#### [Exercise prompt]
Further down are entries; set down exactly and only the lines from the one with "長(zhǎng)韶婁岳麓收費(fèi)站隨車吊做最后信號(hào)燈安裝" up to and including the one with "Note: Terrorist Abbas", dropping each picture.

#### [Records to use]
--- START ---
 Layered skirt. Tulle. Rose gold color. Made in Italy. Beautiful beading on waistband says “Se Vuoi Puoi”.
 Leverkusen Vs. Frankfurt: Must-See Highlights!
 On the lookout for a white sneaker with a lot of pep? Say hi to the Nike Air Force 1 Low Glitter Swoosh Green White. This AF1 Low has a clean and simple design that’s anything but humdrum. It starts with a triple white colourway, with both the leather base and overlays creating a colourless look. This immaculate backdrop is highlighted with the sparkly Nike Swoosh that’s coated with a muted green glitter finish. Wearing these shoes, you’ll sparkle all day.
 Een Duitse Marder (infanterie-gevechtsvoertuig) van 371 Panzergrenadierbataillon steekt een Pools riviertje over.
--- END ---
--- START ---
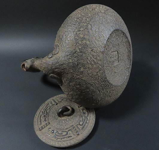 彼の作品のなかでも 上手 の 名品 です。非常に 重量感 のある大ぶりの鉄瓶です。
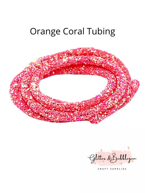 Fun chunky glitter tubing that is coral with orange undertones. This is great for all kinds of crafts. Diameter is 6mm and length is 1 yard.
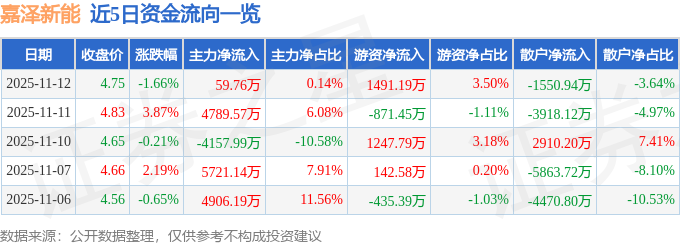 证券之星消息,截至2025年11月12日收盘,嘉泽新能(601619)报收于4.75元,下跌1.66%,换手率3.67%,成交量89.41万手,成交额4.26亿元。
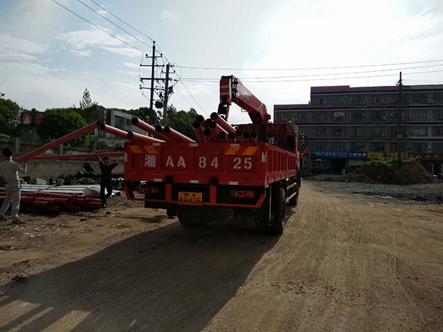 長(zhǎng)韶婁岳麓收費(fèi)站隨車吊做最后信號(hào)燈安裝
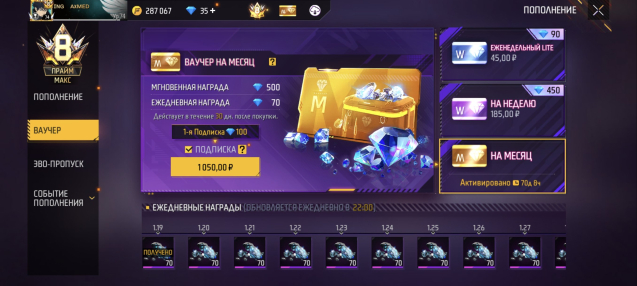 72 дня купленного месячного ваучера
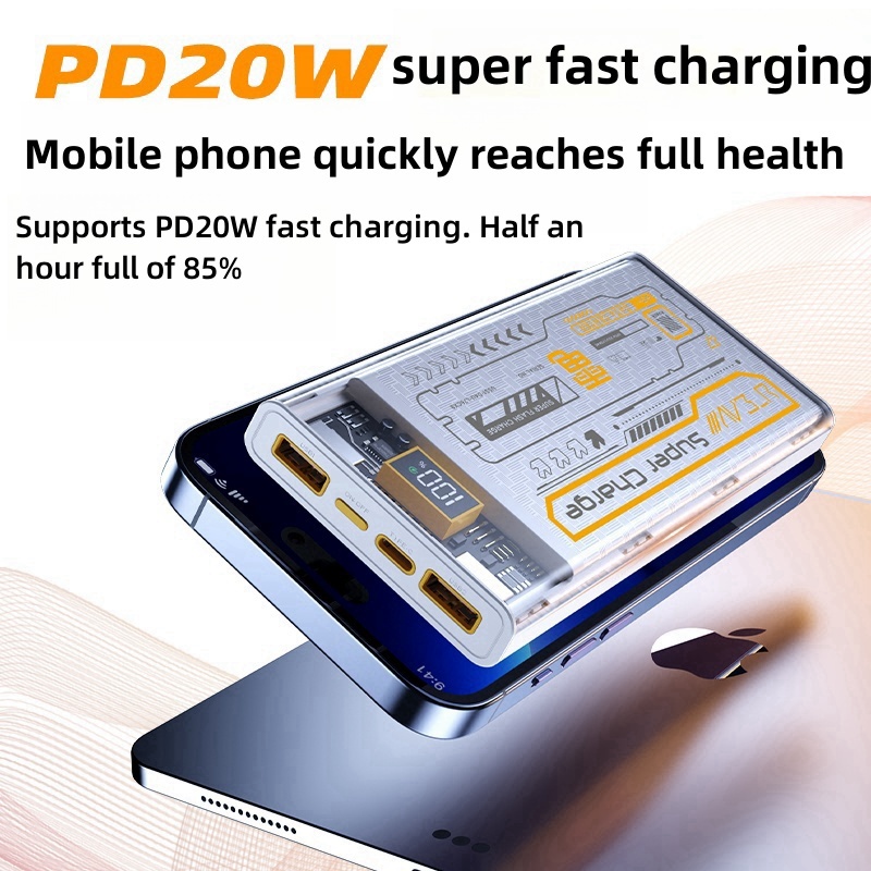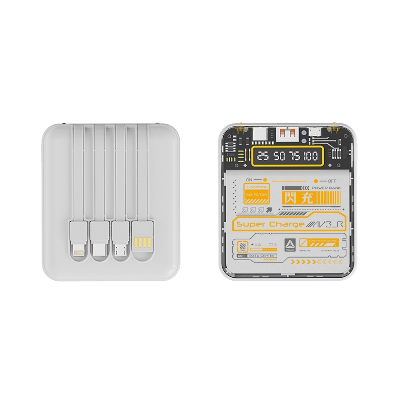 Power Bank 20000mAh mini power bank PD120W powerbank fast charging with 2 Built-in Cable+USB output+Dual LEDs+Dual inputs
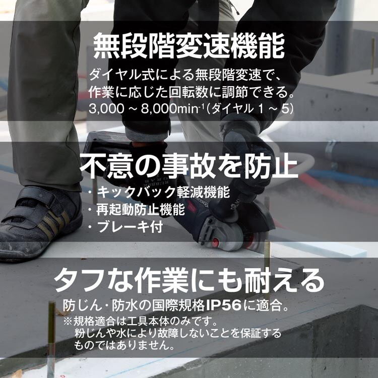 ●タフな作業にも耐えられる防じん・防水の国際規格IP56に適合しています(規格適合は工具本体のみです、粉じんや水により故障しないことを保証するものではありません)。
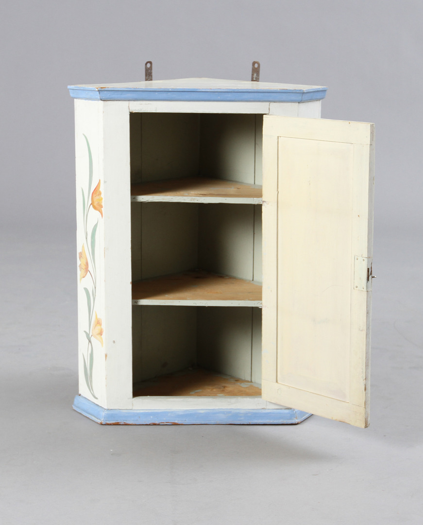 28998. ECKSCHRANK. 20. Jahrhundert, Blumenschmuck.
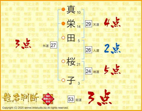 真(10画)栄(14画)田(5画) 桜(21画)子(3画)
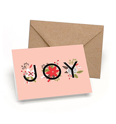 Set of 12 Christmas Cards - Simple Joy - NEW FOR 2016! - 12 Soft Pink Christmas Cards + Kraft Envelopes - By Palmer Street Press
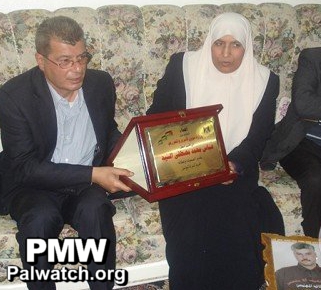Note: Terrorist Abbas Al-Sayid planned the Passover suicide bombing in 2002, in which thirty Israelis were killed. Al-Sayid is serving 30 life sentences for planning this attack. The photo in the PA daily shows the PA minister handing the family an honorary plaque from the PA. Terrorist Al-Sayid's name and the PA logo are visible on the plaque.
--- END ---
#### [Solution for this exercise]
 長(zhǎng)韶婁岳麓收費(fèi)站隨車吊做最后信號(hào)燈安裝
 72 дня купленного месячного ваучера
 Power Bank 20000mAh mini power bank PD120W powerbank fast charging with 2 Built-in Cable+USB output+Dual LEDs+Dual inputs
 ●タフな作業にも耐えられる防じん・防水の国際規格IP56に適合しています(規格適合は工具本体のみです、粉じんや水により故障しないことを保証するものではありません)。
 28998. ECKSCHRANK. 20. Jahrhundert, Blumenschmuck.
 真(10画)栄(14画)田(5画) 桜(21画)子(3画)
 Set of 12 Christmas Cards - Simple Joy - NEW FOR 2016! - 12 Soft Pink Christmas Cards + Kraft Envelopes - By Palmer Street Press
Note: Terrorist Abbas Al-Sayid planned the Passover suicide bombing in 2002, in which thirty Israelis were killed. Al-Sayid is serving 30 life sentences for planning this attack. The photo in the PA daily shows the PA minister handing the family an honorary plaque from the PA. Terrorist Al-Sayid's name and the PA logo are visible on the plaque.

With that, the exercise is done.